Your task:
Each record should be given again exactly, and any picture in it left out.

Extracted data:
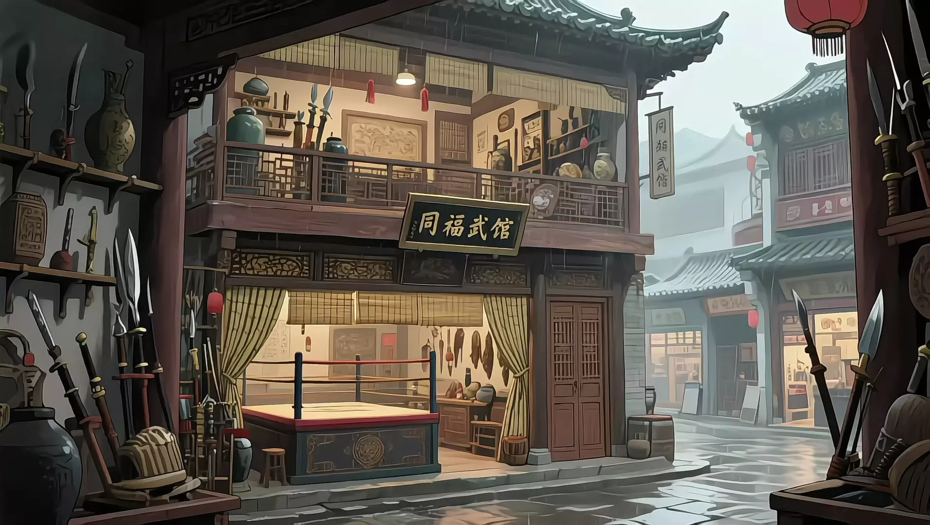 🌧️➕🗡️ 45分钟下雨天七侠镇同福武馆开业氛围 各位腐竹 走过路过不要错过~
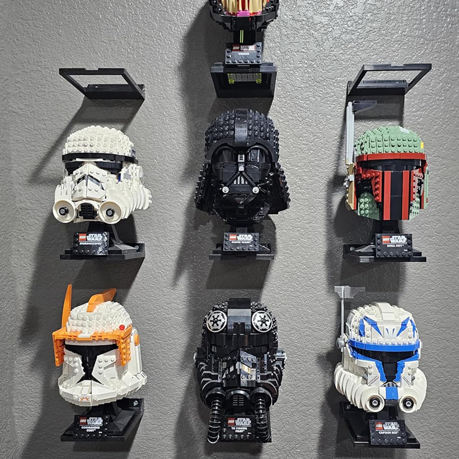 View compareTeyouyi 2Pcs Wall Mount For Lego Star Wars Helmet Display Shelf For Lego Star Wars Helmet Compatible With All Standard Lego Helmets Black
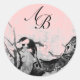 SPRING BIRD AND FLOWER TREE MONOGRAM Pink Fuchsia Classic Round Sticker
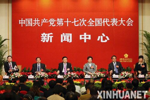 10月20日,北京十七大新聞中心舉辦主題為“重視未成年人教育”的集體專題采訪活動,十七大代表袁貴仁、于幼軍、黃晴宜、胡春華、趙實接受媒體采訪。 新華社記者 李濤攝
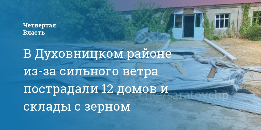 В Духовницком районе из-за сильного ветра пострадали 12 домов и склады с зерном
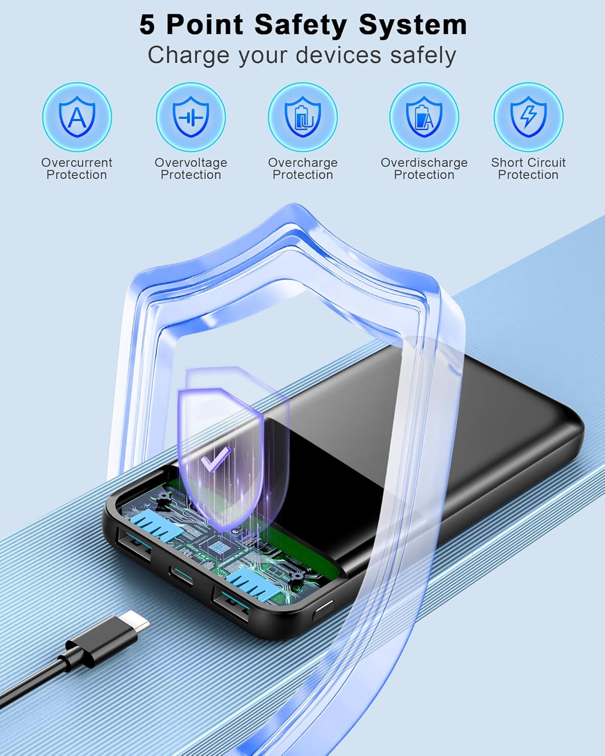 High-Quality Material and Superior Compatibility: This power bank is made from premium, durable materials that ensure safety and longevity. It is designed to be safe, with built-in protections against overheating, overcharging, and short-circuiting, giving you peace of mind while charging your devices. Supports PD3.0/QC4.0 /QC3.0/AFC/FCP protocols that are tailored to various electronic devices. Just to let customers get a safe product.

Result of the task:
 🌧️➕🗡️ 45分钟下雨天七侠镇同福武馆开业氛围 各位腐竹 走过路过不要错过~
 View compareTeyouyi 2Pcs Wall Mount For Lego Star Wars Helmet Display Shelf For Lego Star Wars Helmet Compatible With All Standard Lego Helmets Black
 SPRING BIRD AND FLOWER TREE MONOGRAM Pink Fuchsia Classic Round Sticker
 10月20日,北京十七大新聞中心舉辦主題為“重視未成年人教育”的集體專題采訪活動,十七大代表袁貴仁、于幼軍、黃晴宜、胡春華、趙實接受媒體采訪。 新華社記者 李濤攝
 В Духовницком районе из-за сильного ветра пострадали 12 домов и склады с зерном
 High-Quality Material and Superior Compatibility: This power bank is made from premium, durable materials that ensure safety and longevity. It is designed to be safe, with built-in protections against overheating, overcharging, and short-circuiting, giving you peace of mind while charging your devices. Supports PD3.0/QC4.0 /QC3.0/AFC/FCP protocols that are tailored to various electronic devices. Just to let customers get a safe product.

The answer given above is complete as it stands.